15 September 2021 11:50 WIB

Penulis: Ananda Astri Dianka

Editor: Laila Ramdhini

Suasana pelayanan di gedung kantor pusat Asabri, di Jalan Mayjen Sutoyo, Kramat Jati, Jakarta Timur. Foto: Ismail Pohan/TrenAsia

JAKARTA – Kejaksaan Agung (Kejagung) mengumumkan tersangka baru terkait kasus dugaan korupsi pengelolaan keuangan dan dana investasi di PT ASABRI (Persero). 

Kepala Pusat Penerangan Hukum Kejagung Leonard Eben Ezer Simanjuntak mengungkapkan penetapan tiga tersangka baru itu dilakukan pada Selasa 14 September 2021 setelah dalam dua hari belakangan Kejagung memeriksa total saksi sebanyak 33 orang.

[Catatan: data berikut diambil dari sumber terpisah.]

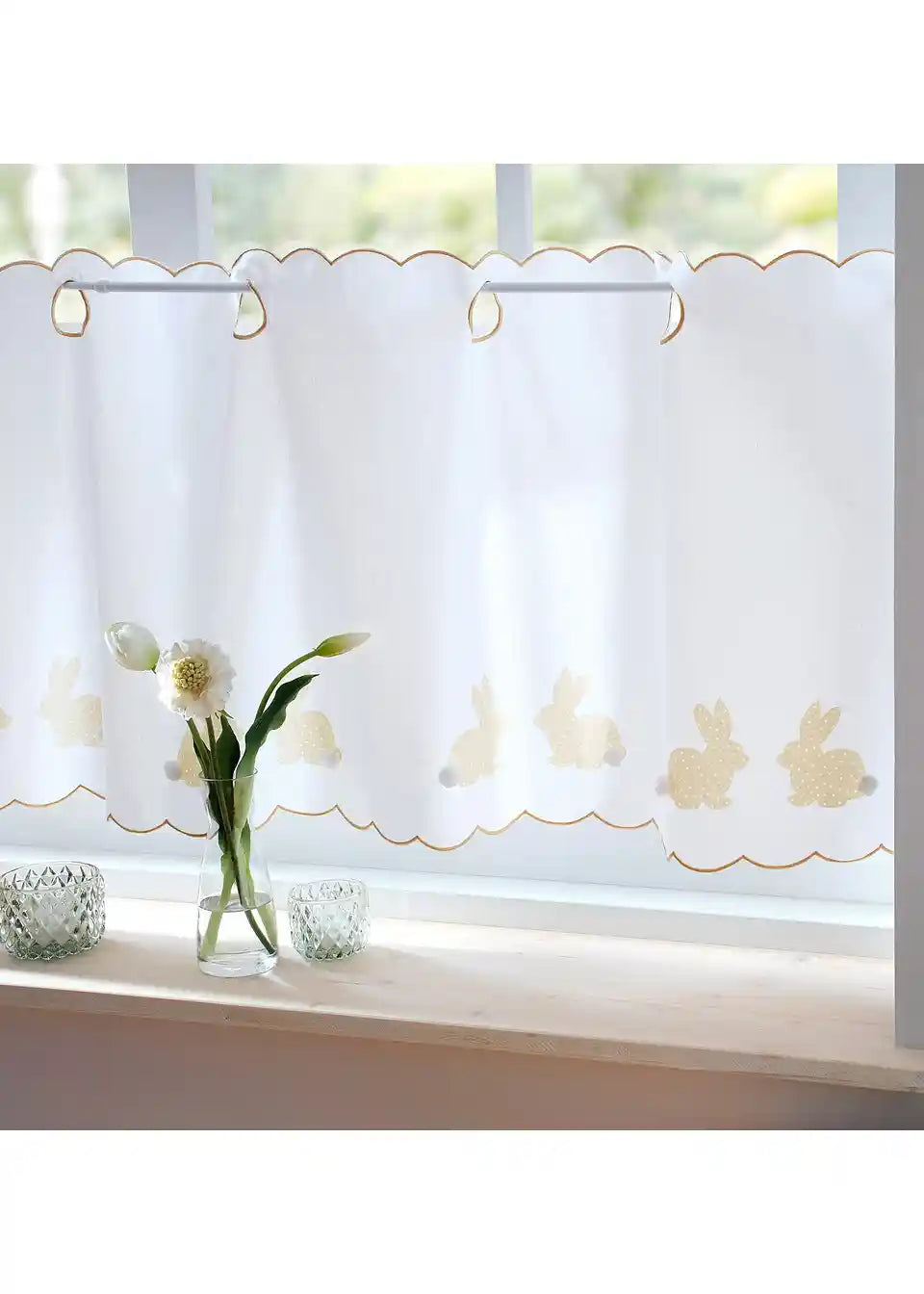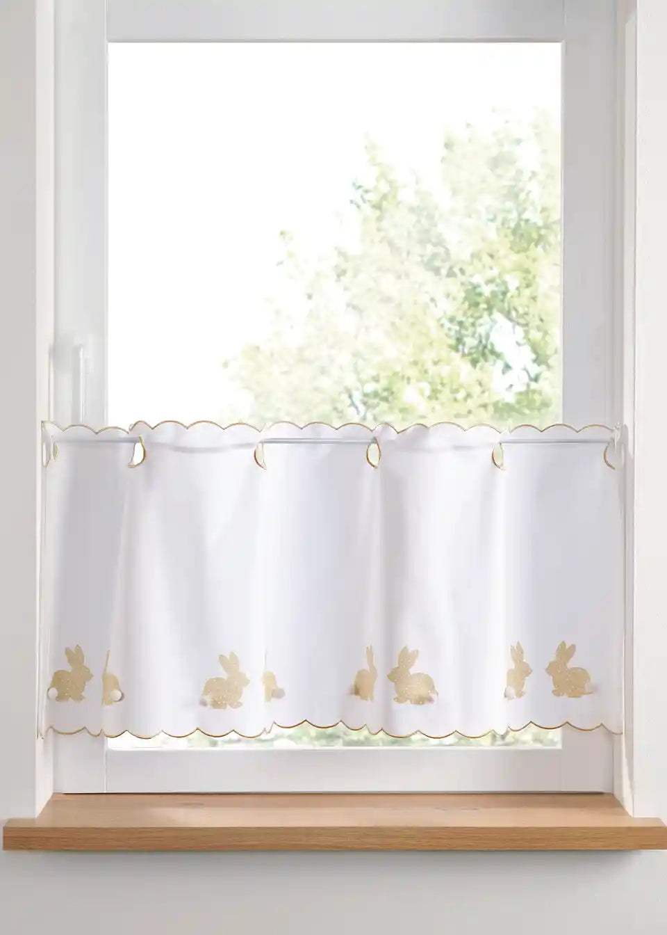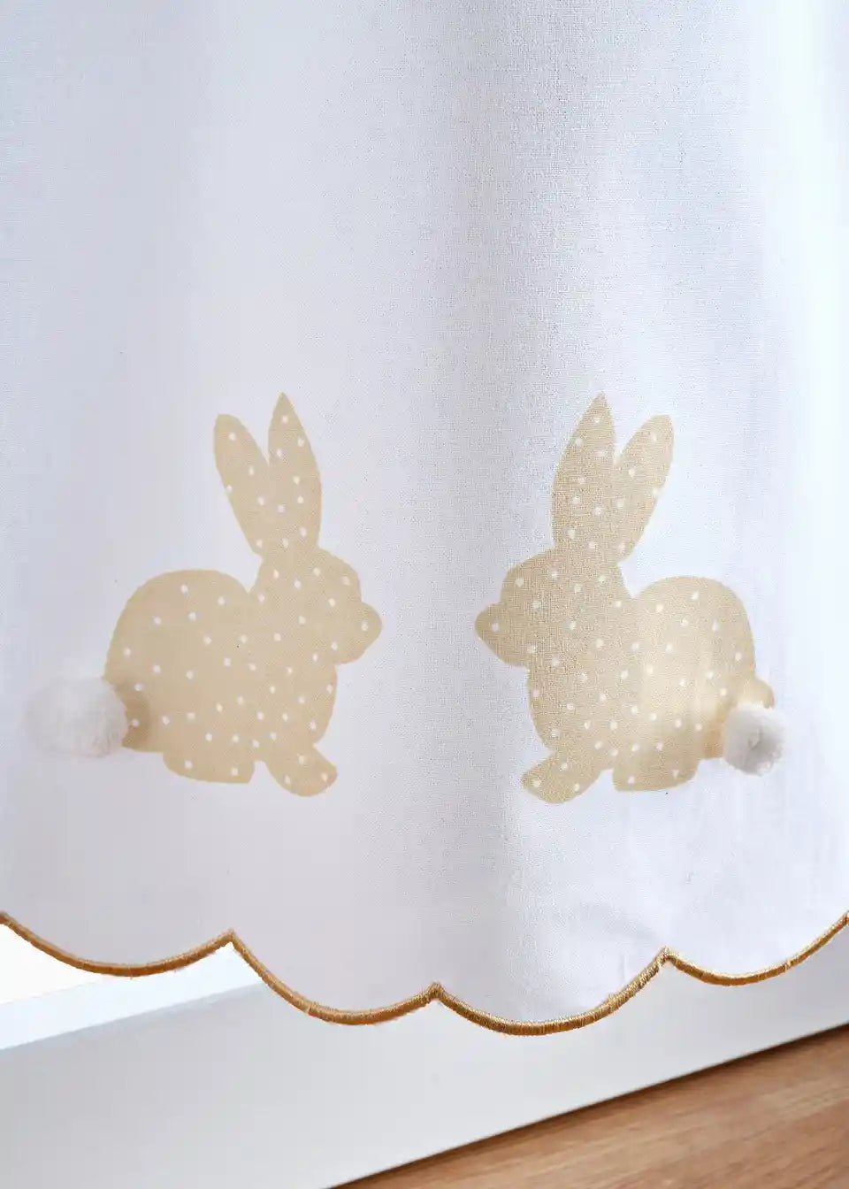 Prekrasan mali prozor s preslatkim tiskanim uskrsnim zečevima koji imaju dodatni pompon. Suptilna, a ipak jedinstvena dekoracija prozora za Uskrs!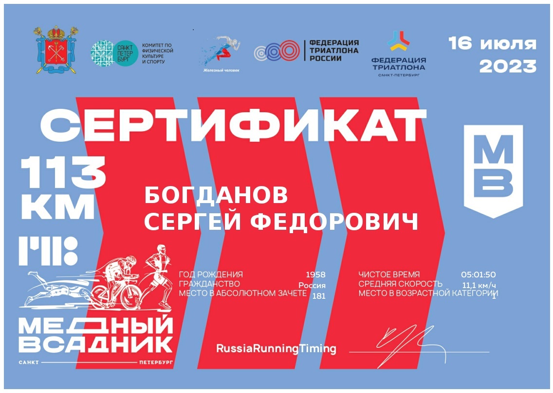 А еще ликует, что команда Masters Triаthlon Team, в составе которое выступал в Питере, показала отличные результаты, заняв I место в командном зачете. «Всего в нашей команде приняли участие 14 человек, на которых пришлось шесть золотых, две серебряных и две бронзовых награды», – гордится С.Богданов. «Наш одноклубник Борис Кириллов успешно прошел дистанцию в возрасте 88 лет! Это – мировой рекорд возраста на половинной дистанции. До этого рекорд принадлежал японцу Хирому Инада (Hiromu Inada), которому удалось уложиться в лимит времени в 85 лет на той же дистанции», – делится эмоциями наш командор.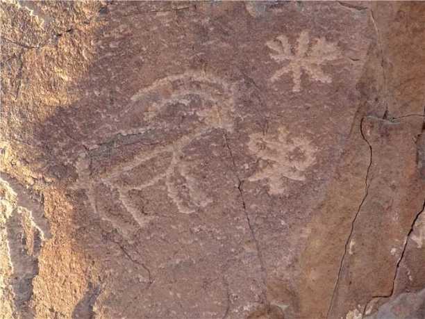 鄂托克旗伊克布拉巖畫位于阿爾巴斯蘇木伊克布拉供銷社東南約7公里。巖畫鑿磨在山谷陡峭的黑色火成巖石壁上,石面平整光滑。畫面是由人形和羊、狗、駱駝等動(dòng)物組成的,面積方形,每邊長(zhǎng)4米。駱駝的頭部高高昂起,傲視遠(yuǎn)方,背上雙峰高聳,短而小的尾巴下垂。而山羊和狗都呈奔跑狀。巖畫中的人形則為一男性特征明顯的形象,表現(xiàn)了遠(yuǎn)古居民對(duì)生殖崇拜的心理。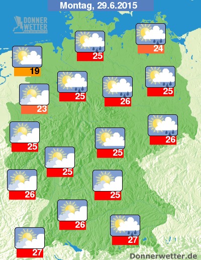 Am Montag ist es im Norden und Osten zeitweise heiter, es ziehen hier jedoch auch zum Teil kompakte Quellwolken auf, die für Schauer und auch mögliche Gewitter sorgen können. Im Süden und Westen ist es zunächst verbreitet heiter oder aufgelockert bewölkt, am Nachmittag bilden sich im Alpenvorland gebietsweise Schauer und Gewitter, sonst bleibt es aber weitgehend trocken. Die Temperatur steigt auf 19 Grad an der Nordsee und bis 27 Grad in München.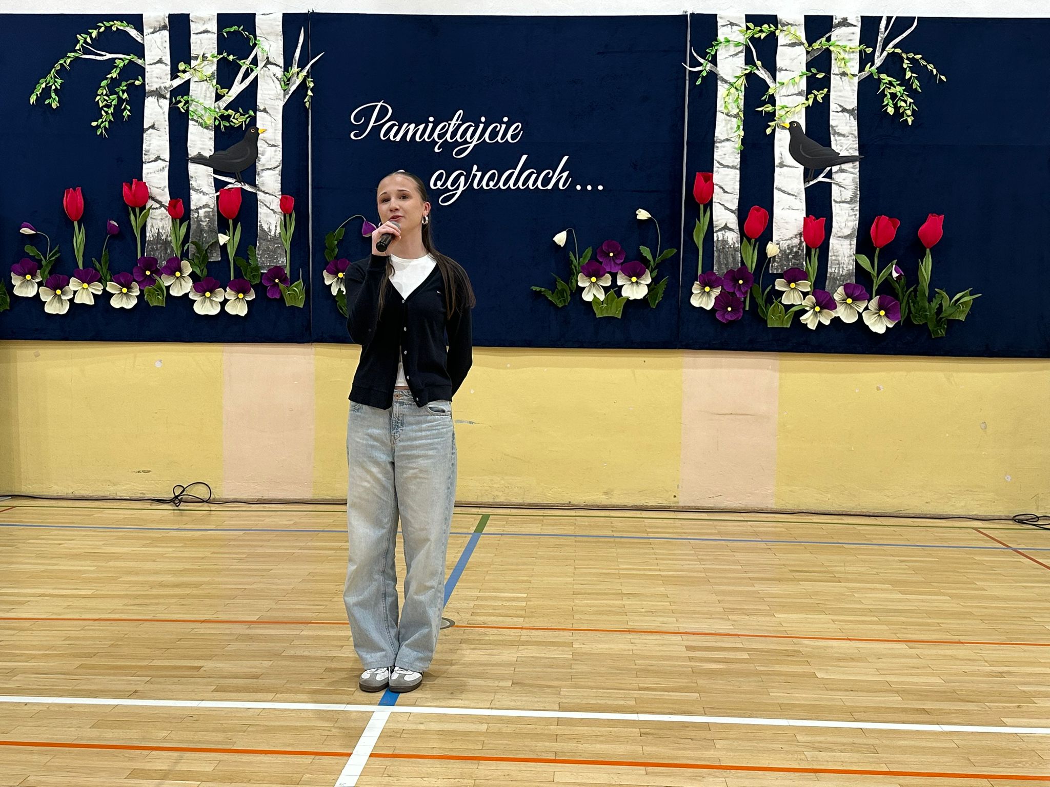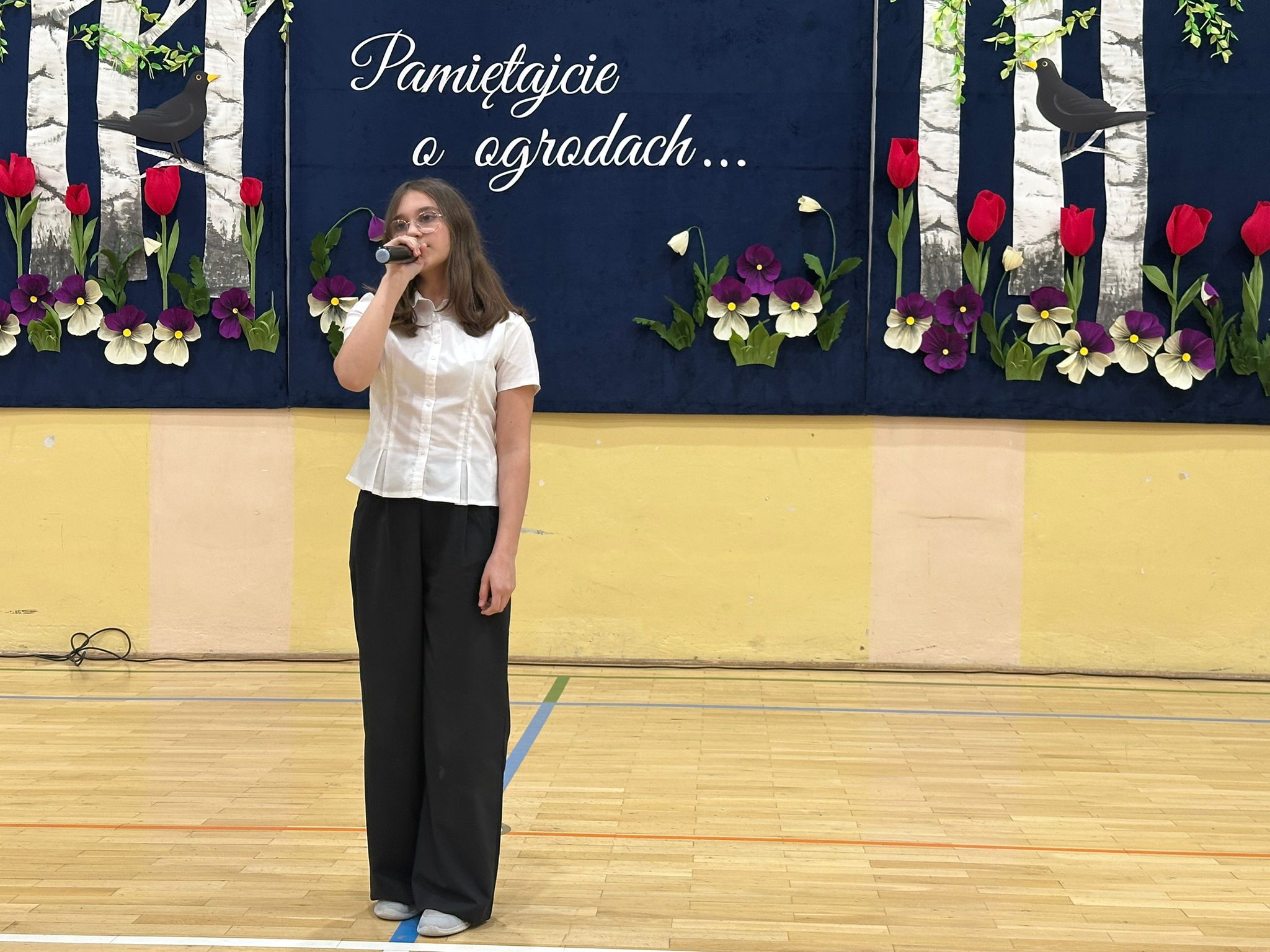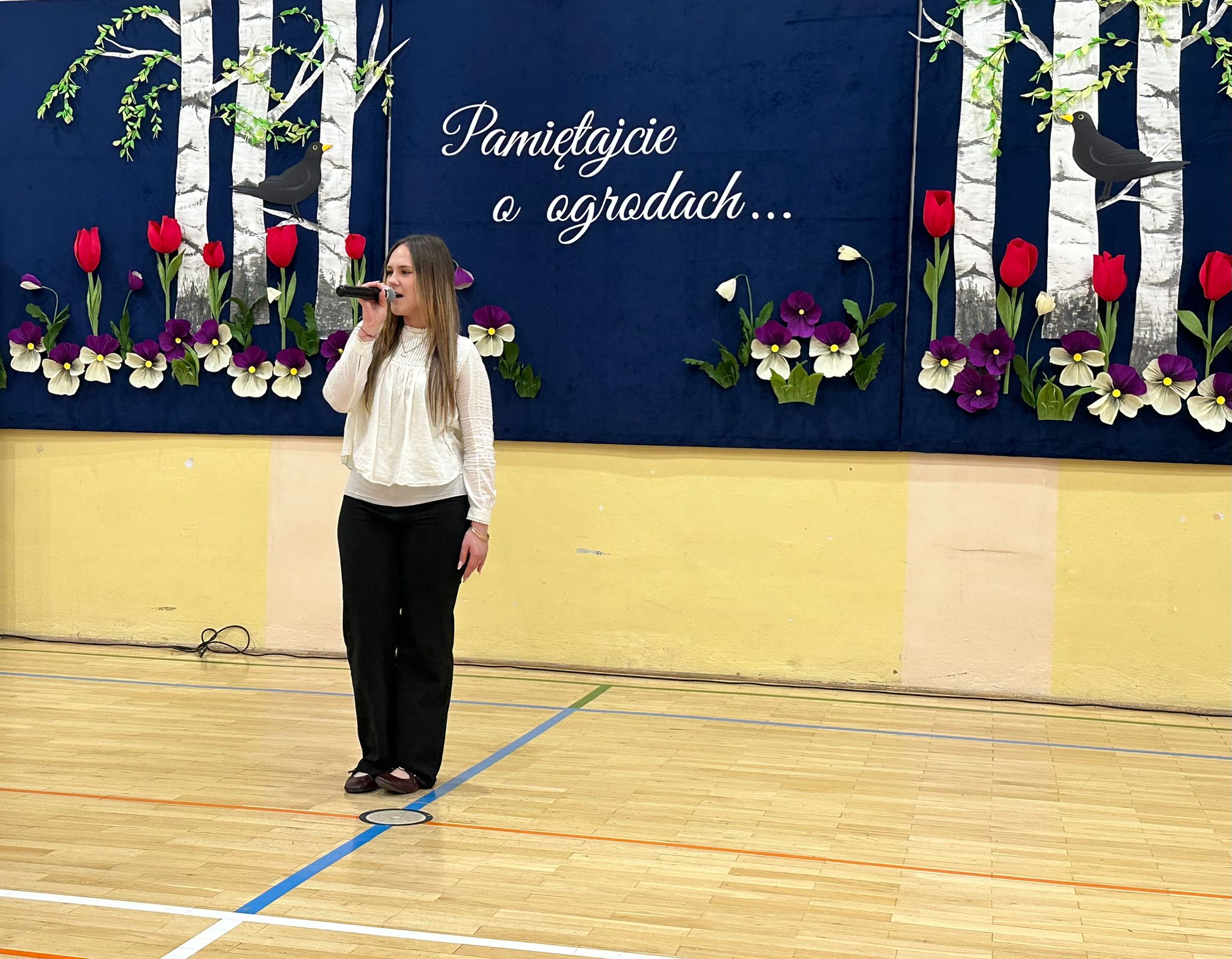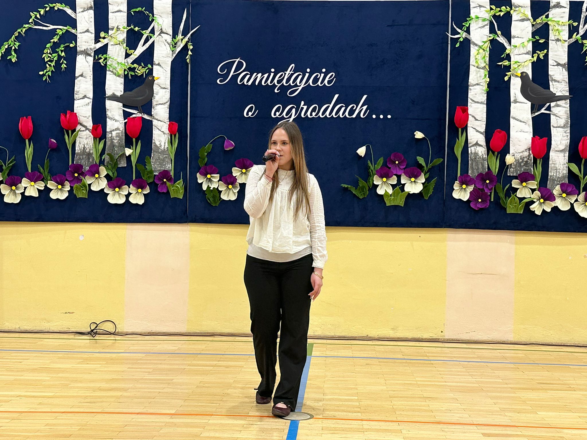 Punktem kulminacyjnym podjętych działań był montaż słowno-muzyczny, który odbył się w czwartek 23 kwietnia. Występ artystyczny „Pamiętajcie o ogrodach…” był wyjątkowym wydarzeniem, które skłoniło widzów zgromadzonych w sali gimnastycznej do refleksji nad pięknem natury, harmonią świata oraz miejscem człowieka w przyrodzie. Odbiorcami spektaklu byli Dyrektor Pan Andrzej Suwała, Wicedyrektor Pani Magdalena Prygiel, Dyrektor Wydziału Edukacji Urzędu Miejskiego w Kozienicach Pani Małgorzata Wolszczak, Doradca metodyczny MSCDN Wydział w Radomiu Pani Anna Janowska, Przewodniczący Rady Rodziców Pan Łukasz Słyk, nauczyciele oraz uczniowie klas IV – VIII naszej szkoły. Program łączył w sobie różnorodne formy wyrazu – poezję, muzykę, elementy teatralne oraz taniec – tworząc spójną i poruszającą całość. Motyw ogrodu, obecny w całym przedstawieniu, symbolizował nie tylko naturę, ale także życie człowieka oraz wartości takie jak: dobro, spokój, pamięć i wrażliwość. Występujący z dużym zaangażowaniem młodzi aktorzy zaprezentowali swoje umiejętności, oddając nastrój radości, refleksji i nostalgii, a jednocześnie przypominając o codziennej potrzebie troski o otaczający nas świat.

“Rinciannya, sebanyak 22 orang diperiksa pada Senin (13/09) dan 11 orang pada Selasa (14/09),” ungkap dia, dalam keterangan resminya, Rabu, 16 September 2021.

Leonard menjelaskan ketiga tersangka tersebut yaitu, pertama, Edward Soeryadjaya atau ESS mantan Direktur Ortos Holding, Ltd. Berdasarkan Surat Perintah Penyidikan Direktur Penyidikan Jaksa Agung Muda Tindak Pidana Khusus Nomor: Print-28/F.2/Fd.2/09/2021, tanggal 14 September 2021.

Kedua, Betty Halim atau B selaku Mantan Komisaris Utama PT Sinergi Millenium Sekuritas (eks PT. Milenium Danatama Sekuritas). Penetapan ini berdasarkan Surat Perintah Penyidikan Direktur Penyidikan Jaksa Agung Muda Tindak Pidana Khusus Nomor: Print-29/F.2/Fd.2/09/2021, tanggal 14 September 2021.

Ketiga, Rennier Abdul Rahman Latief atau RARL selaku Komisaris PT Sekawan Inti Pratama. Penetapkan RARL ini berdasarkan Surat Perintah Penyidikan Direktur Penyidikan Jaksa Agung Muda Tindak Pidana Khusus Nomor: Print-30/F.2/Fd.2/09/2021, tanggal 14 September 2021.

Sebagai informasi, para tersangka ini sebelumnya telah ditahan terkait kasus korupsi lainnya, yaitu ESS yang berstatus Terpidana Kasus Dana Pensiun Pertamina. Saat ini, Edward ditahan di Lembaga Pemasyarakatan Kelas II A, Salemba Jakarta Pusat.

Kemudian, tersangka Betty Halim, berstatus Terpidana Kasus Dana Pensiun Pertamina. Saat ini ditahan di Lembaga Pemasyarakatan Perempuan Kelas II A, Tanggerang.

Tersangka Rennier Abdul Rahman Latief juga diketahui berstatus terdakwa perkara Danareksa. Saat ini ditahan di Rumah Tahanan Negara Salemba Cabang Kejaksaan Agung.